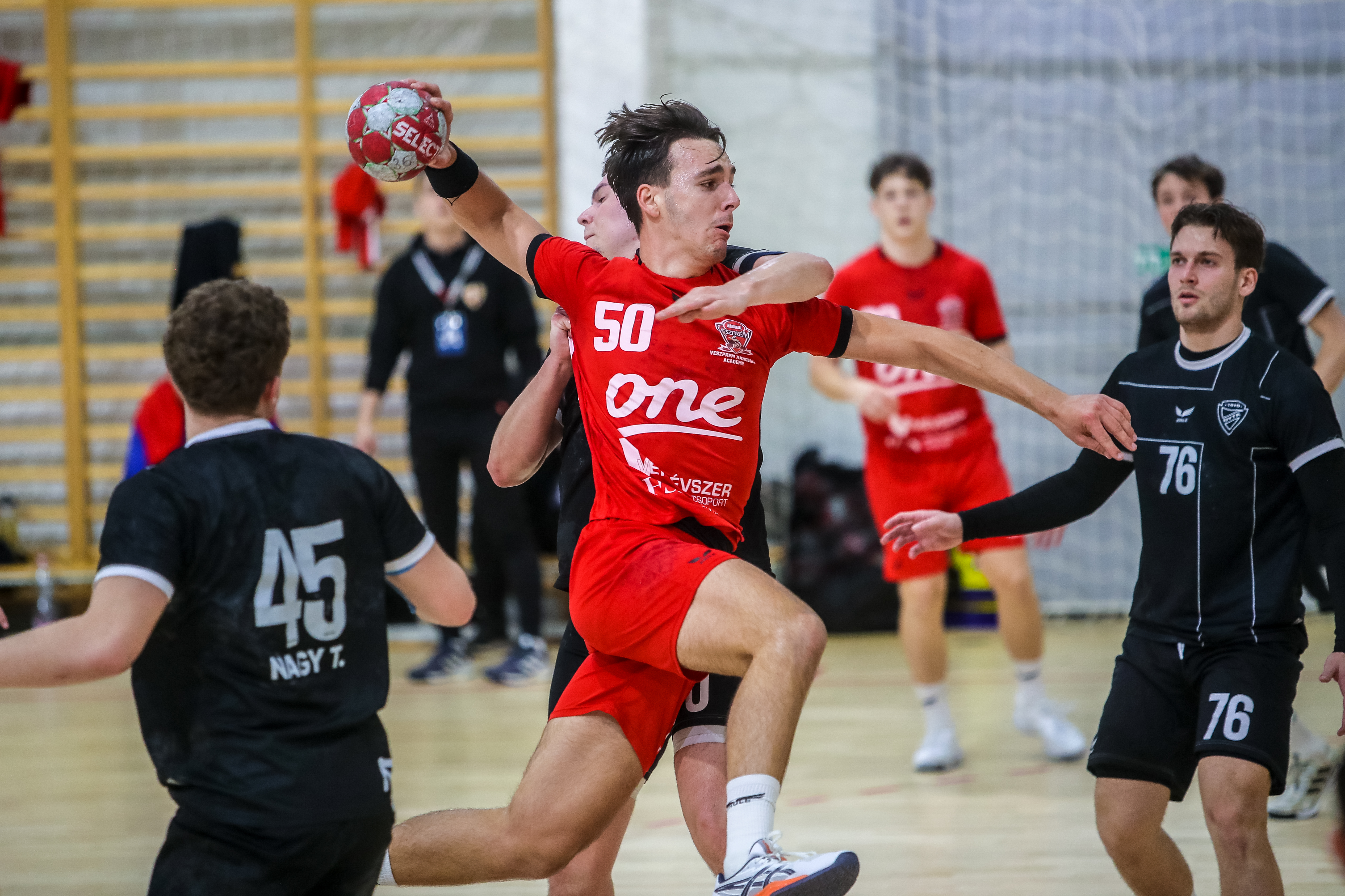 Az NB I/B bajnokság 9. fordulójában a Veszprém Handball Academy a DVTK csapatát fogadta a DEVM Csarnokban. A mérkőzést akadémistáink kezdték jobban, hiszen az első hét percben 7 gólt szereztek, miközben a vendégek csupán egyszer találtak be. A DVTK ezt követően időt is kért, hogy rendezze a sorait, ám a veszprémi lendület nem tört meg: a félidő felénél már 12–3-as hazai vezetést mutatott az eredményjelző. A különbség a 20. percet követően stabilizálódni látszott a 10–11 gólos előny környékén. Csapatunk gyors lerohanásokból tovább növelte előnyét, miközben védekezésben is stabil teljesítményt nyújtott. Az első harminc perc végére a játék képe nem változott: a fiúk magabiztos előnnyel mehettek pihenőre (19:9 30.perc).
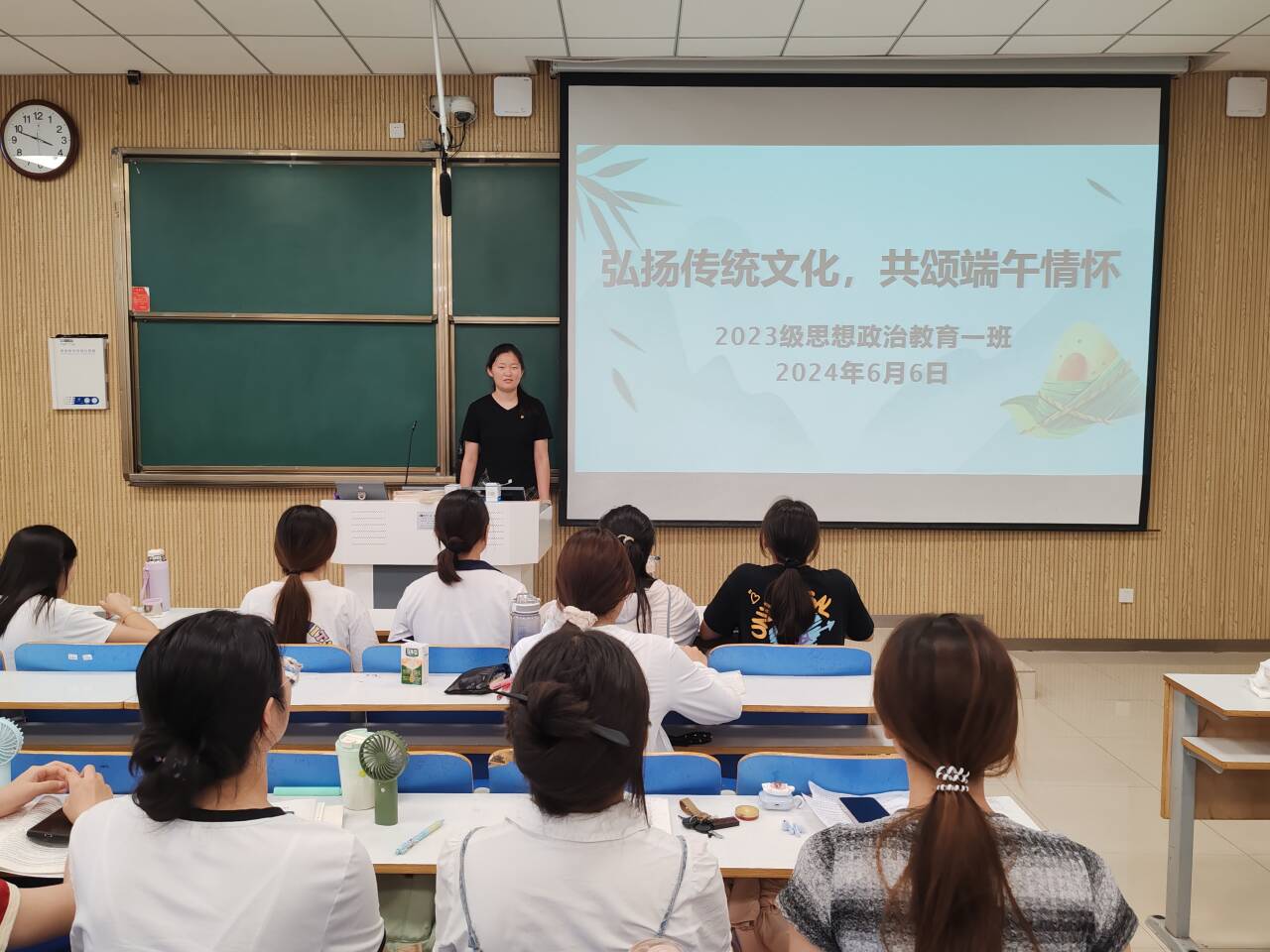 为促使我班学子了解端午节,更好地继承和弘扬中华优秀传统文化,6月6日下午,2026年世界杯官网2023级思想政治教育一班在社科楼515教室召开“弘扬传统文化,共颂端午情怀”主题班会。公司2023级思想政治教育一班全体同学共同参与本次班会,班会由团支书张卓主持。
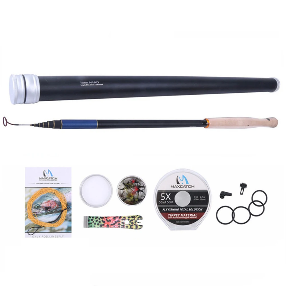 Maxcatch 13FT Tenkara Nano Japonés Fibra de Carbono caña de Pescar con Mosca 6:4/7:3 Acción 8/9 Segmentos Caña con Mosca
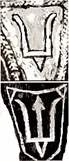 Трезубец, как и двузубец на боковой грани, имеют чёткие очертания, это ясно узнаваемые знаки, а не орнаментальные фигуры.
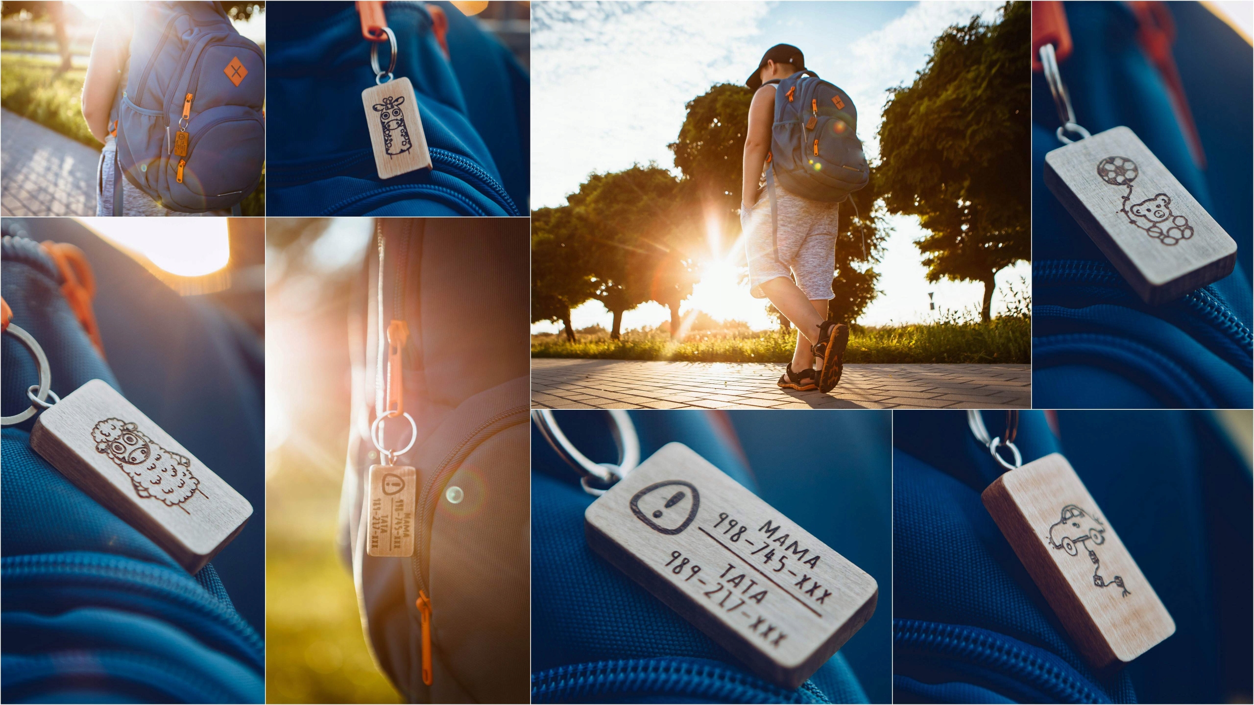 Брелок з двостороннім гравіюванням, з малюнок з одного боку та контактні дані батьків/опікунів з іншого.
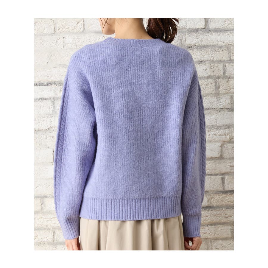 ベーシックなクルーネックに、前後で異なるケーブル&片畦編みが目を引く、大人可愛いデザイン。
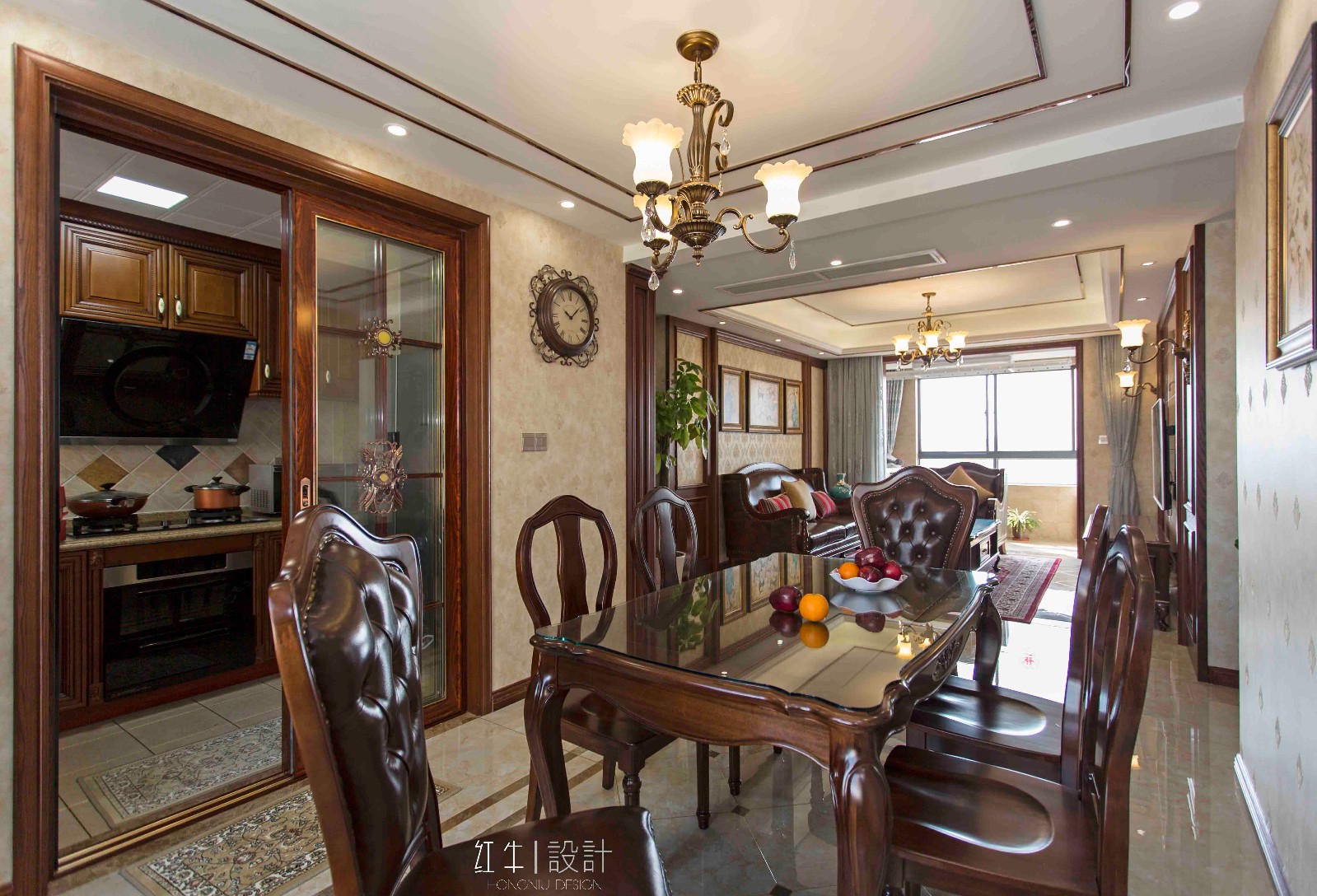 餐廳與廚房之間,采用了木框透明玻璃滑門隔開,使得空間更加通透。
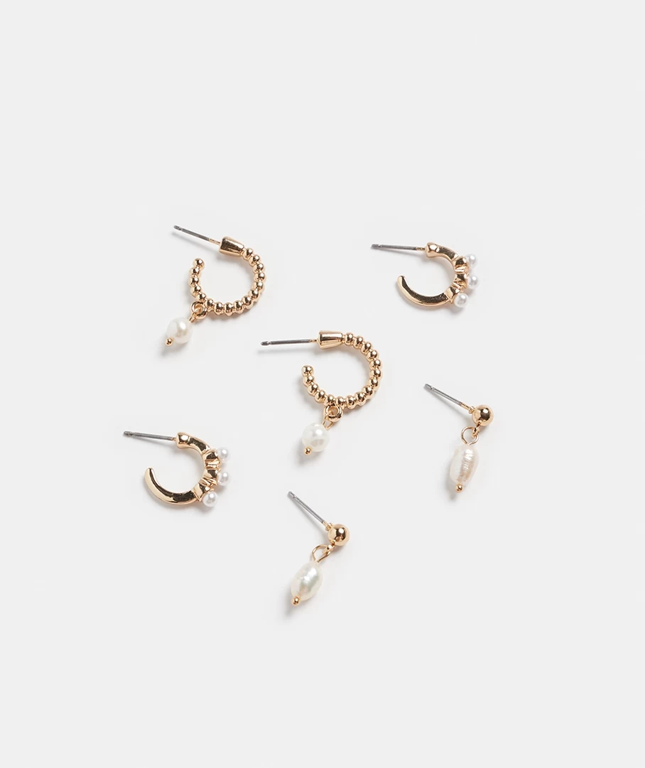 Get your hands on our beautiful Pearl Gold 3 Piece Earring Set, easy to wear all together or each individually.
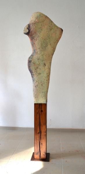 Inspiriert von den Mégalithen, setze ich mich plastisch mit der Thematik der Steinkreise auseinander und finde zu neuen organischen Formen, die aus Holzstehlen emporsteigen. Die organischen Figuren entstehen aus dem von mir entwickelten Material Papierstein®, in dem die Beständigkeit des Steins mit der Vergänglichkeit des Papiers vereint sind. In diese lebendig wirkenden Plastiken sind Steine eingefasst, die den Bezug zur ursprünglichen Inspirationsquelle deutlich machen. “Mégalith“, 2012; eine Installation mit 24 Plastiken,
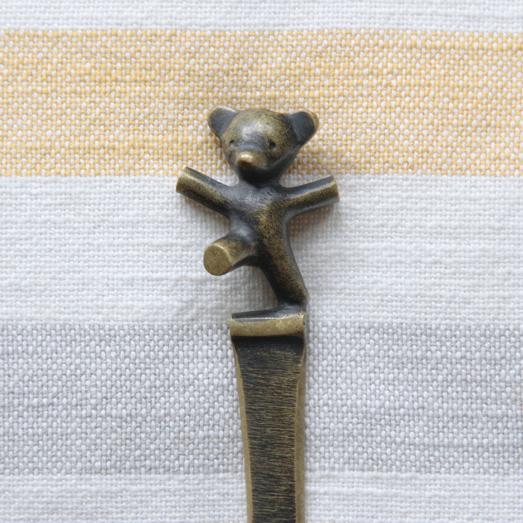 Aside from the brilliantly modelled bear cub that dances happily on the hilt of the letter opener, what makes this object so sumptuous is the attention to detail in its manufacture. The opener, cast as one single piece of metal, has been hand tooled to perfection. The shape is not only pleasing to the eye but in the hand also.

::::::::

§ About this exercise: Leave out each picture and extract the lines from the one containing "Get your hands" through the end of the records above, inclusive, exactly as they stand.

§ Result of the exercise:
 Get your hands on our beautiful Pearl Gold 3 Piece Earring Set, easy to wear all together or each individually.
 Inspiriert von den Mégalithen, setze ich mich plastisch mit der Thematik der Steinkreise auseinander und finde zu neuen organischen Formen, die aus Holzstehlen emporsteigen. Die organischen Figuren entstehen aus dem von mir entwickelten Material Papierstein®, in dem die Beständigkeit des Steins mit der Vergänglichkeit des Papiers vereint sind. In diese lebendig wirkenden Plastiken sind Steine eingefasst, die den Bezug zur ursprünglichen Inspirationsquelle deutlich machen. “Mégalith“, 2012; eine Installation mit 24 Plastiken,
 Aside from the brilliantly modelled bear cub that dances happily on the hilt of the letter opener, what makes this object so sumptuous is the attention to detail in its manufacture. The opener, cast as one single piece of metal, has been hand tooled to perfection. The shape is not only pleasing to the eye but in the hand also.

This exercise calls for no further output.